SUPPLIED MATERIAL ::
::::
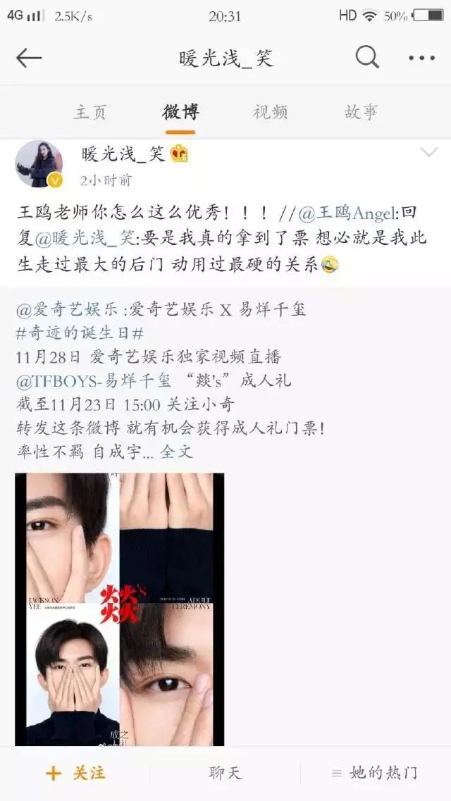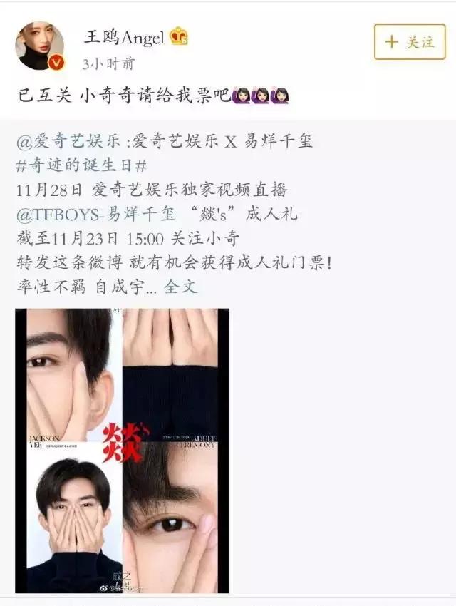 当然,甚至要和粉丝抢千玺的生日会门票,还放话,要是能得到门票,估计是这辈子走过最大的后门。
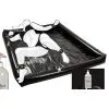 Un cadenas en métal avec clé est fournie, ainsi que des cadenas plastique à usage unique. Vous pouvez de cette façon, facilement fermer la cage. Les cadenas en plastique garantissent que l’alarme des capteurs de métaux ne sera pas déclenchée si vous prenez l’avion, ou passez dans n’importe quel portique de sécurité.
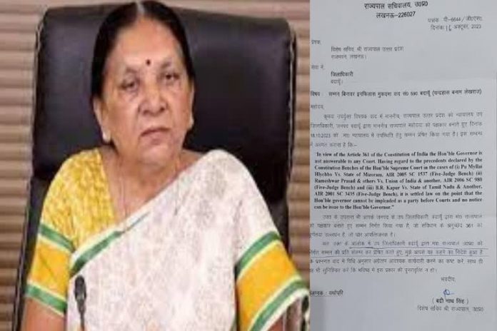 इस मामले पर एसडीएम न्यायिक कोर्ट से लेखराज और राज्यपाल को कोर्ट में हाजिर होकर पक्ष रखने का राजस्व संहिता की धारा 144 का नोटिस जारी किया. इस नोटिस के मिलते ही राजभवन में हड़कंप मच गया. इसे बाद विशेष सचिव राज्यपाल बद्री नाथ सिंह द्वारा जिलाधिकारी बदायूं को नोटिस जारी कर घोर आपत्ति दर्ज कराई गई साथ ही चेतावनी दी गयी है कि भविष्य में ऐसी गलती दोबारा न की जाए. पत्र में लिहा गया है कि जारी नोटिस संविधान के अनुच्छेद 361 का घोर उल्लंघन बताया गया है.
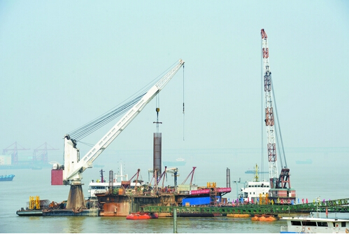 核心提示:截至目前,水上主桥3号墩预计4月中旬封底,主桥4号墩钻孔桩完成19根,主桥5号墩钻孔桩完成21根;全桥桩基完成413根,承台施工完成10个,大桥施工进度稳步推进
::::
PROBLEM TO SOLVE :: Leave out any pictures, please, and quote only the lines from the top of the data through the line that contains "Un cadenas en".

RESULT FOR THIS TASK ::
 当然,甚至要和粉丝抢千玺的生日会门票,还放话,要是能得到门票,估计是这辈子走过最大的后门。
 Un cadenas en métal avec clé est fournie, ainsi que des cadenas plastique à usage unique. Vous pouvez de cette façon, facilement fermer la cage. Les cadenas en plastique garantissent que l’alarme des capteurs de métaux ne sera pas déclenchée si vous prenez l’avion, ou passez dans n’importe quel portique de sécurité.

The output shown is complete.